The difference, though, might be negligible with regard to the precision of a measurement you are making.

please explain how c can be constant everywhere in the universe, given that;

mass=gravity/weight

therefore

c=√e/(gravity/weight)

so c varies if gravity varies. 

Edited March 3, 2022 by Jalopy

[exchemist]

6 minutes ago, Jalopy said:

even so,

gravity =weight/mass 

therefore

c=√e/m =√e/(gravity/weight)

so c varies if gravity varies. 

c on earth is not the same as c on venus. 

c in outer space is.....null 

wow. 

That would explain why outer space is so dark.

please explain how c can be constant everywhere in the universe, given that;

mass=gravity/weight

therefore

c=√e/(gravity/weight)

so c varies if gravity varies. 

So you simply dismiss my correction of your wrong statement by saying "even so"and just repeating the silly error.  

This is a waste of time. 

[swansont]

10 minutes ago, Jalopy said:

please explain how c can be constant everywhere in the universe

I don't know how you would expect me to do that, when I have told you that it's not, and conditions under which it fails to hold.

[Jalopy]

2 minutes ago, exchemist said:

So you simply dismiss my correction of your wrong statement by saying "even so"and just repeating the silly error.  

This is a waste of time. 

mass=gravity/weight

therefore

c=√e/(gravity/weight)

so c varies if gravity varies. 

in outer space, gravity = 0, therefore c = infinity.

true or false?

Edited March 3, 2022 by Jalopy

[exchemist]

1 minute ago, Jalopy said:

I rescind my 'even so' and venture the following response

please explain how c can be constant everywhere in the universe, given that;

mass=gravity/weight

therefore

c=√e/(gravity/weight)

so c varies if gravity varies. 

...[click]....

[Jalopy]

1 minute ago, exchemist said:

...[click]....

that doesnt explain anything!

4 minutes ago, swansont said:

I don't know how you would expect me to do that, when I have told you that it's not, and conditions under which it fails to hold.

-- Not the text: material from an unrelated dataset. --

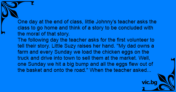One day at the end of class, little Johnny's teacher asks the class to go home and think of a story to be concluded with the moral of that story.

is this conclusion correct, that

since

c=√e/(gravity/weight)

in outer space, gravity = 0,

therefore c = infinity in outer space.

 

[swansont]

5 minutes ago, Jalopy said:

 

is this conclusion correct, that

since

c=√e/(gravity/weight)

in outer space, gravity = 0,

therefore c = infinity in outer space.

 

No, since mass=gravity/weight is nonsense, as I have explained in another thread. Nothing valid can be derived from it.

[Jalopy]

15 minutes ago, swansont said:

No, since mass=gravity/weight is nonsense, as I have explained in another thread. Nothing valid can be derived from it.

I corrected that typo! Here's my fresh theory

m= w/g

therefore 

c=√e/(w/g)

in outer space, g = 0

therefore

c=√e/(w/0)

c=√e/infinity

c=0 

That means, if a light beam was passed through outer space, it would stop moving and yet exist, for energy cannot be created or destroyed.

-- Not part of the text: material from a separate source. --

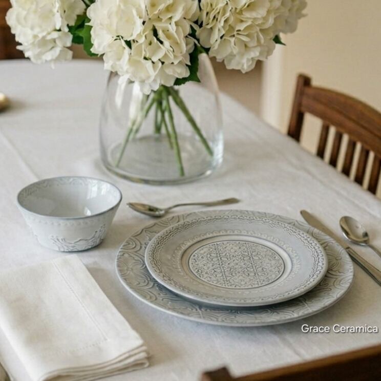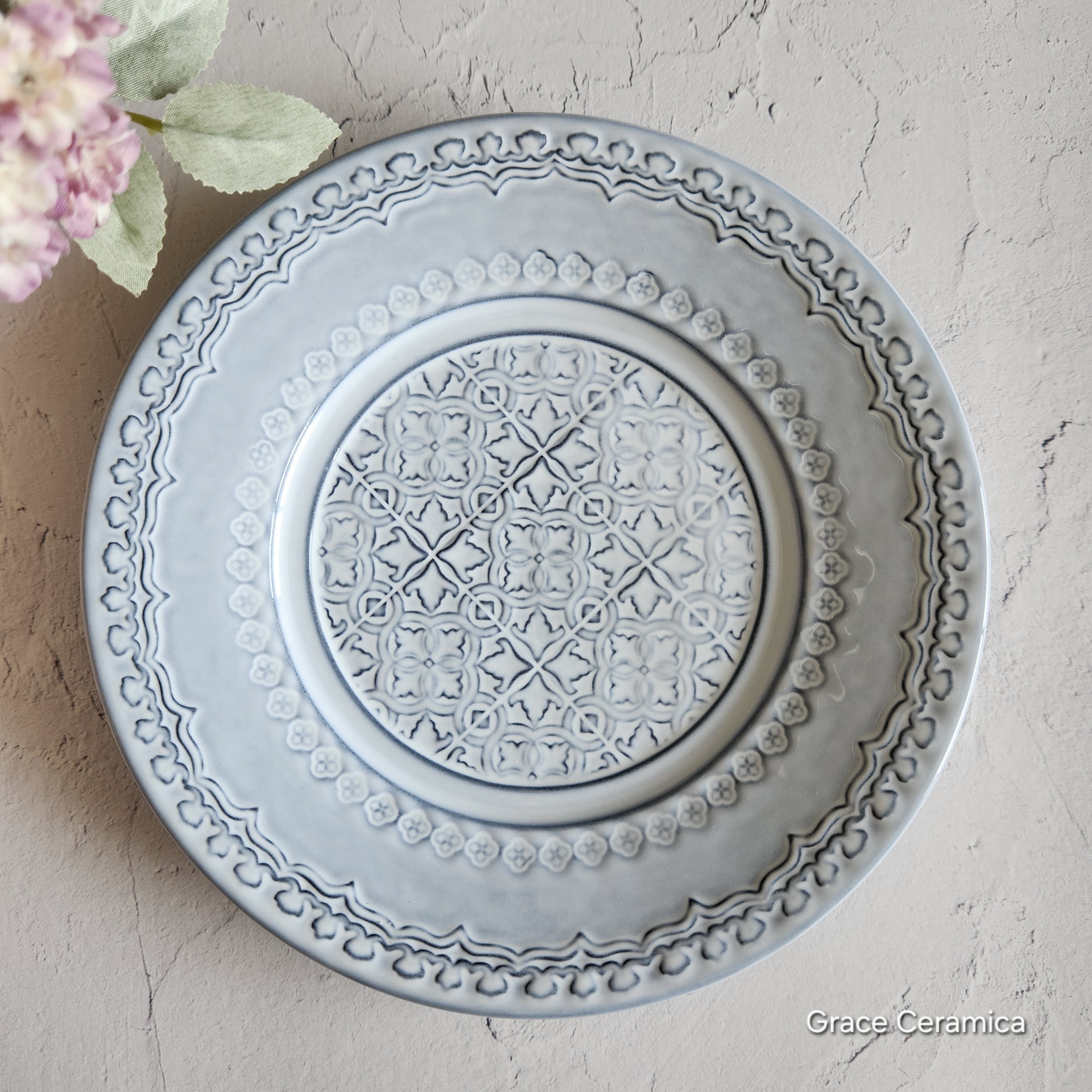 フルーツプレートは、朝食のパンやデザート、サラダの盛り付け、さらには食事の際の取り皿としても重宝します。一枚でも十分な存在感を放ちますが、ディナープレートと重ねて使うことで、繊細な浮き彫りが幾重にも重なり、食卓に圧倒的な奥行きと気品をもたらします。

Then if gravity were thrust upon it, it would start moving, but slowly. 

That would explain how Einstein actually took a ride on a light beam, that's how he did it!  It was a slow moving light beam 

 

Edited March 3, 2022 by Jalopy

[swansont]

Dividing by zero is undefined, which is what happens when you try and use a crappy definition, which is what W/g is.